Action item. From the first line to the last, retype everything below exactly, minus the pictures.

Supplied data.

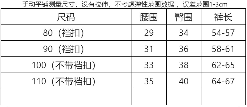 手动平铺测量尺寸,没有拉伸,不考虑弹性范围数据 ,误差范围1-3cm
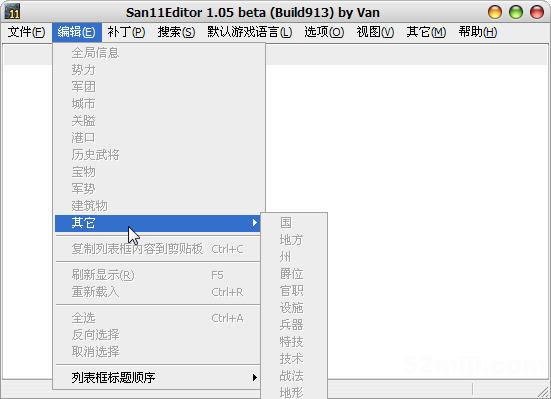 剧本和存档可以直接打开相应文件修改(在修改之前,请在“默认游戏语言”菜单中设置你的三11语言,否则打开剧本或存档时会出现乱码)如果要修改内存,在进入游戏之后,执行File菜单的Attach to San11(修改器什么时候打开没有关系),此时各项功能就可以正常使用切出修改器可以直接用win键,另外修改器也提供了热键——Ctrl+Alt+M
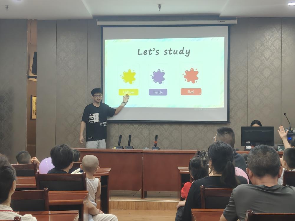 本次活动根据年龄层分为两个教学班级。针对6岁以下的小朋友,活动围绕“”red、orange、yellow、green、blue”等颜色有关的基础词汇展开,特别设计了“夹娃娃游戏”,让孩子们在愉快的笑声中通过夹取不同颜色的娃娃,反复巩固对颜色单词的记忆。针对6岁以上的儿童,活动重点在于提升他们对单词和简单句子的运用能力,课程中穿插了“名字拍拍乐”“动物模仿大赛”“颜色寻宝大作战”等趣味环节。
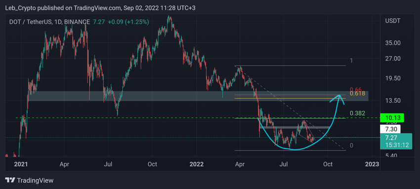 Trader kryptowalutowy @Leb_crypto opublikował na Twitterze wykres Polkadot, stwierdzając, że możliwe jest, że zobaczymy wzrost ceny o 100%.

Task result.
 手动平铺测量尺寸,没有拉伸,不考虑弹性范围数据 ,误差范围1-3cm
 剧本和存档可以直接打开相应文件修改(在修改之前,请在“默认游戏语言”菜单中设置你的三11语言,否则打开剧本或存档时会出现乱码)如果要修改内存,在进入游戏之后,执行File菜单的Attach to San11(修改器什么时候打开没有关系),此时各项功能就可以正常使用切出修改器可以直接用win键,另外修改器也提供了热键——Ctrl+Alt+M
 本次活动根据年龄层分为两个教学班级。针对6岁以下的小朋友,活动围绕“”red、orange、yellow、green、blue”等颜色有关的基础词汇展开,特别设计了“夹娃娃游戏”,让孩子们在愉快的笑声中通过夹取不同颜色的娃娃,反复巩固对颜色单词的记忆。针对6岁以上的儿童,活动重点在于提升他们对单词和简单句子的运用能力,课程中穿插了“名字拍拍乐”“动物模仿大赛”“颜色寻宝大作战”等趣味环节。
 Trader kryptowalutowy @Leb_crypto opublikował na Twitterze wykres Polkadot, stwierdzając, że możliwe jest, że zobaczymy wzrost ceny o 100%.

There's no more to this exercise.